Mahasiswa yang notabenenya adalah bagian dari massa aksi tersebut memaksakan masuk kedalam ruang aula, untuk mengambil bagian, namun dicegah oleh panitia penyelenggara termasuk Menwa dan Sekuriti. Tiba-tiba kejadian lebih mengundang respon dari menwa saat mahasiswa baru mengangkat spanduk yang bertuliskan "KAMI BUTUH SENIOR, BUKAN PANITIA" pada saat yang bersamaan menwa langsung mengambil bagian, melakukan pemukulan terhadap mahasiswa baru. Sehingga membuat situasi didalam ruangan aula dan diluar bergejolak.

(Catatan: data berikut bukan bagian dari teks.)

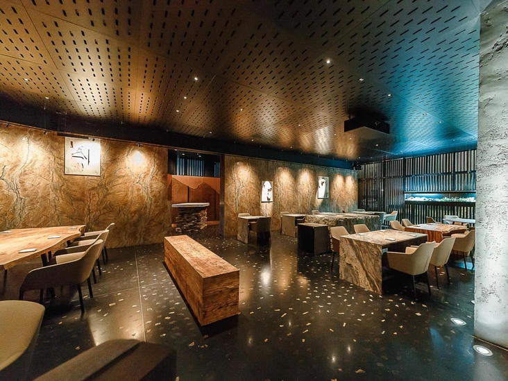 Дизайн заведения был вдохновлен искусством и культурой коренных народов Африки: повсюду этнографические артефакты, текстиль, камни и огонь. В ресторане много посадочных мест: есть зал-саванна, винная комната, два бара и открытая десертная станция. Если заранее забронировать столик не удалось, то сотрудники Maya протянут руку помощи в затруднительной ситуации.
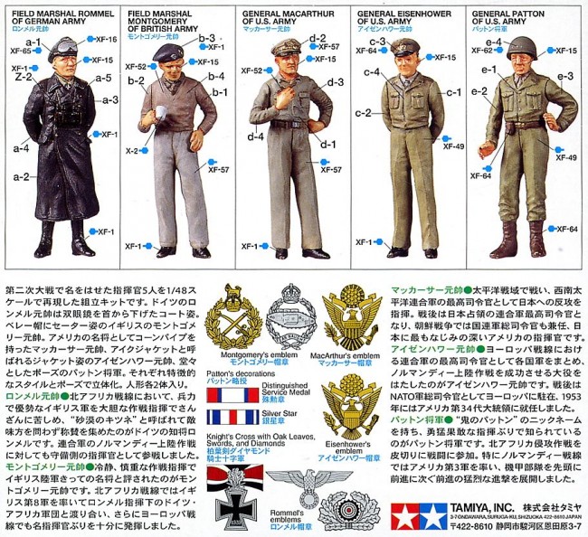 第二次大戦で名をはせた指揮官5人を1/48スケールで再現したプラスチックモデル組み立てキットです。

Massa aksi yang memaksakan masuk kedalam, diketahui mendobrak pintu aula yang sedang ditutup, bahkan ditemukan saat suasana berlangsung bentrok, salah satu kaca jendela dari aula juga dipicahkan.
Tepat pada 24 Agustus 2017, pukul 17.15 wit, rektor IAIN Ternate, Abdurrahman Marasabessy, turut terlibat dalam bentrokan tersebut. Yang akhirnya rektor melakukan pemukulan terhadap Roslan Samad (mahasiswa, juga korban tak ditanggungjawabkan oleh Rektor sebagai Pelaku dan Lembaga) dibagian kepala, sehingga korban pingsan kurang lebih 40 menit. Alhasil, menurut komentar dari oknum yang melakukan pemukulan, bahwa Roslan Samad jatuh karena terpeleset dari lantai, atau kenal dorongan, bukan pemukulan (ungkap rektor dibeberapa media).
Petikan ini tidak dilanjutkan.